Reversibility of mechanical and biochemical changes in smooth muscle due to anoxia and substrate depletion

Abstract

The effect of temporary glucose and oxygen deprivation on isometric tension as well as content of glycogen, creatine phosphate (CP), adenosine triphosphate (ATP), adenosine diphosphate (ADP), adenosine monophosphate (AMP), and adenylate pool (AP) were studied in potassium-contracted guinea pig isolated taenia coli. Under aerobic conditions glucose removal caused a decrease in tension, glycogen, CP, ATP, and energy charge; ADP and AMP increased, keeping the adenylate pool size unchanged. During rigor caused by additional anoxia, there was an increase in tension associated with further decrease in ATP and marked reduction of adenylate pool. Restoration of oxygen supply caused only a small increase in ATP that, though sufficient for abolishing rigor, was insufficient to support potassium contraction.
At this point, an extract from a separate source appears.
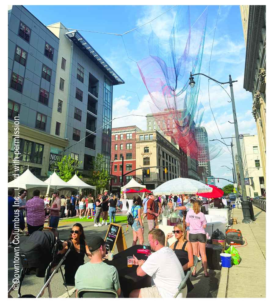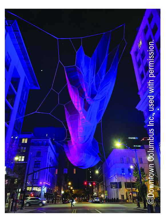 Created by artist Janet Echelman, the 229-foot, vibrantly colored, floating fiber sculpture, first installed in 2023, symbolizes the “current” of energy, the Scioto River and the city’s history as a hub for electric, gas-lit archways. The sculpture connects the city’s historic, red-brick, urban grid with its revitalized riverfront.

Restoration of both glucose and oxygen did not restore tension even though ATP stores were increased further. Elevation of extracellular calcium caused partial restoration of tension, suggesting that the defect was in calcium metabolism rather than energy metabolism. During recovery AP remained low, possibly due to deamination of AMP. Anoxia in the presence of glucose reduced ATP to a concentration similar to that due to aerobic glucose deprivation but tension decreased much less. This result is consistent with different degrees of ATP depletion in various functional (Ca pump vs. contractile mechanism) compartments.